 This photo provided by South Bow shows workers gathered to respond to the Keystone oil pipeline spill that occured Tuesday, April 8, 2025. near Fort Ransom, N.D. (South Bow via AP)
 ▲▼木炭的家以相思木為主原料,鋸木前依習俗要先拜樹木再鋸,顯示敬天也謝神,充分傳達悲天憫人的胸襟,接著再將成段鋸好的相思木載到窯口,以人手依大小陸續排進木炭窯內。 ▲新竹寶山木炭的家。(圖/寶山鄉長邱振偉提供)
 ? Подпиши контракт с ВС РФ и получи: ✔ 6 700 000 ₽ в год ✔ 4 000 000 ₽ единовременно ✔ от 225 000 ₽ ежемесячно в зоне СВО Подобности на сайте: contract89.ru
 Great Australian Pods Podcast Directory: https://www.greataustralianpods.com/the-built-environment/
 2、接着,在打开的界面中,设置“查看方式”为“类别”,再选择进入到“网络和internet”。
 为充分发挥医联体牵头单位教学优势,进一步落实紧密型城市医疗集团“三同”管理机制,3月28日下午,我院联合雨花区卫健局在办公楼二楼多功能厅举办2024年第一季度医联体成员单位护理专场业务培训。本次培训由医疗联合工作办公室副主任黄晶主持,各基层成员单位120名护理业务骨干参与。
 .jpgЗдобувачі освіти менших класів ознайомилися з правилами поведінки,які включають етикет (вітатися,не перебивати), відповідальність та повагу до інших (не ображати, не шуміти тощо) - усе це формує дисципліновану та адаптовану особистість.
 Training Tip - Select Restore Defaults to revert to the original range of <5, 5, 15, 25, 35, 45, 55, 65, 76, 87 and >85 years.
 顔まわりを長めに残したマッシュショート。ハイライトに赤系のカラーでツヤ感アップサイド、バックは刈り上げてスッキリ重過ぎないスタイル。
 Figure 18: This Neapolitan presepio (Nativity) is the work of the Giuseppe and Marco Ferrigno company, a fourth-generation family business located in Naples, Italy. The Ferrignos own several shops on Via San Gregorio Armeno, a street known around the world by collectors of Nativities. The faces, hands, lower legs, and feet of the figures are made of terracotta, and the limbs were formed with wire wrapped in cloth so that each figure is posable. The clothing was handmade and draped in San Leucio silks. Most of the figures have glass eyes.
--
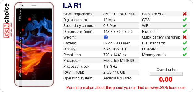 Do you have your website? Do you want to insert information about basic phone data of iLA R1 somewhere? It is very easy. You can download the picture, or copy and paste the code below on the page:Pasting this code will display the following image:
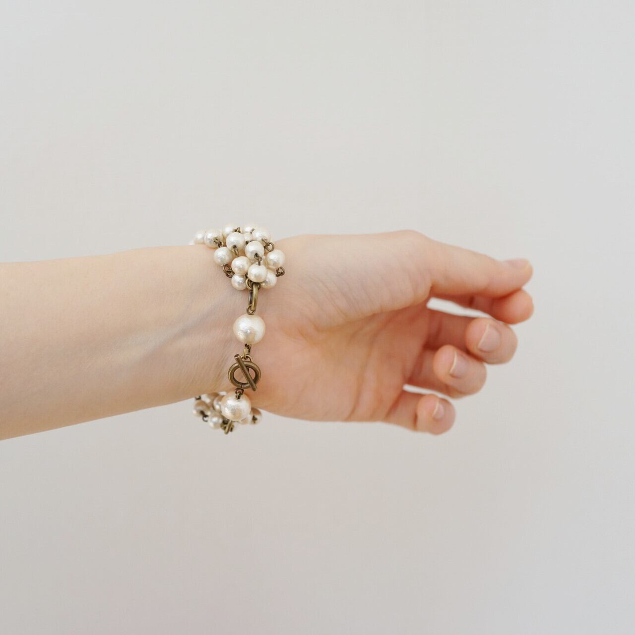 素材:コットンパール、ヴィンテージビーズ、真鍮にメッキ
* * *
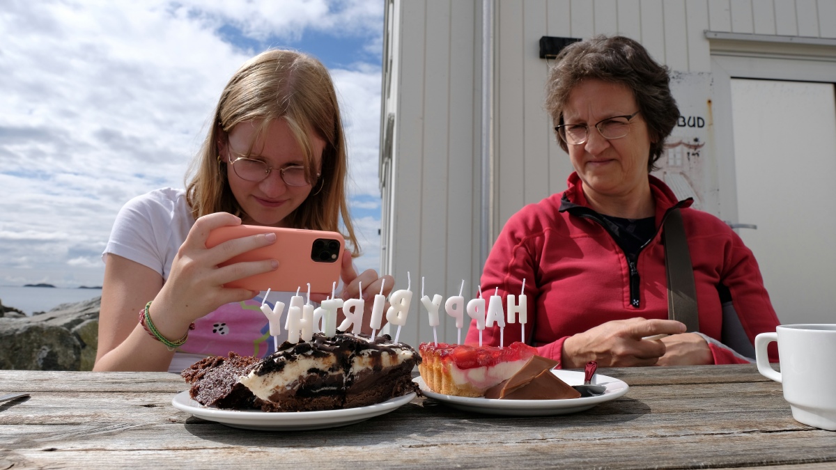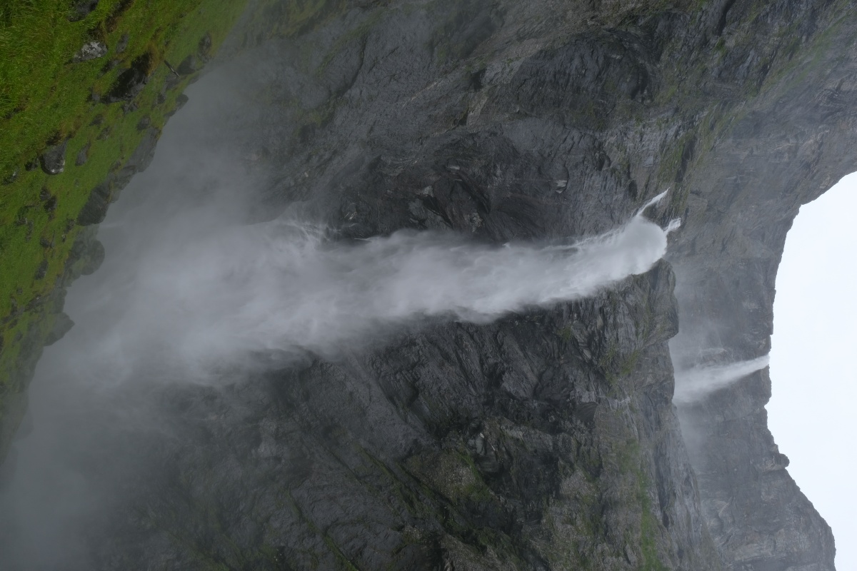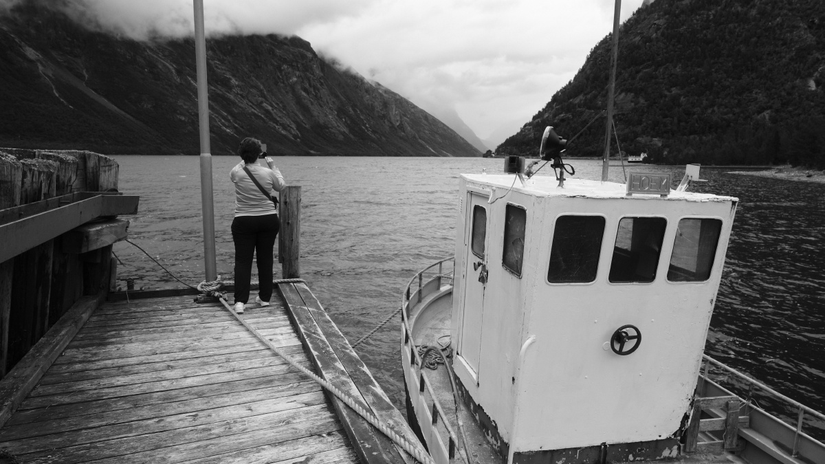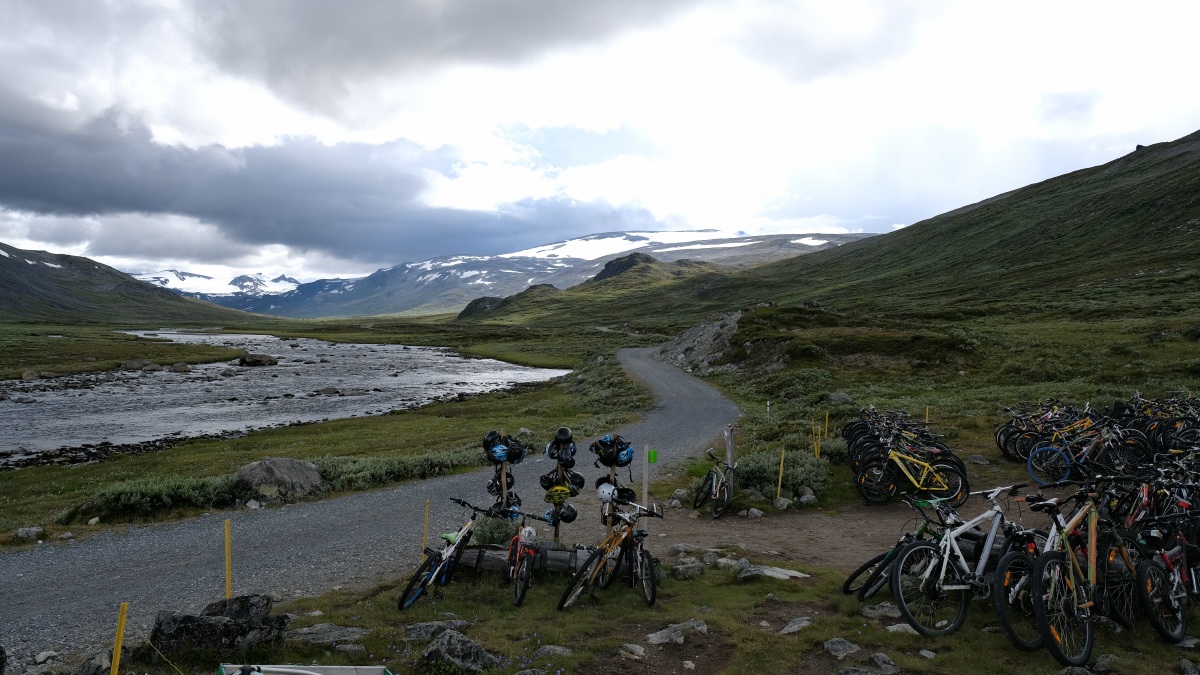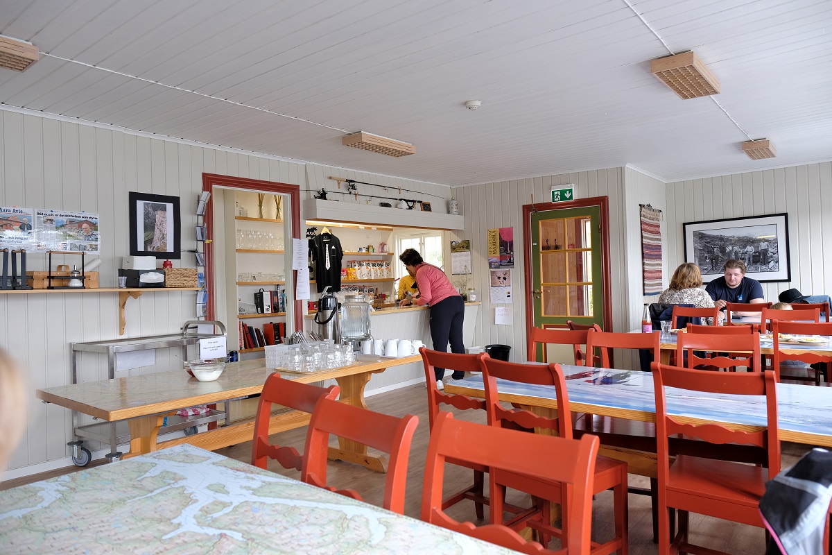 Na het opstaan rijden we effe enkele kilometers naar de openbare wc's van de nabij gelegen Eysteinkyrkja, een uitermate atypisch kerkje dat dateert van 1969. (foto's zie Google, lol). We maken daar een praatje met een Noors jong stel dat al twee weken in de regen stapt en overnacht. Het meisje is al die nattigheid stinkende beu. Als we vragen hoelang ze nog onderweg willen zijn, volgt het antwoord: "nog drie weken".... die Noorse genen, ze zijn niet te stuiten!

Description of the task — Retype, exactly and with no pictures, everything above from the line with "Do you have" down to the line with "素材:コットンパール、ヴィンテージビーズ、真鍮にメッキ", both included.

Task solution —
 Do you have your website? Do you want to insert information about basic phone data of iLA R1 somewhere? It is very easy. You can download the picture, or copy and paste the code below on the page:Pasting this code will display the following image:
 素材:コットンパール、ヴィンテージビーズ、真鍮にメッキ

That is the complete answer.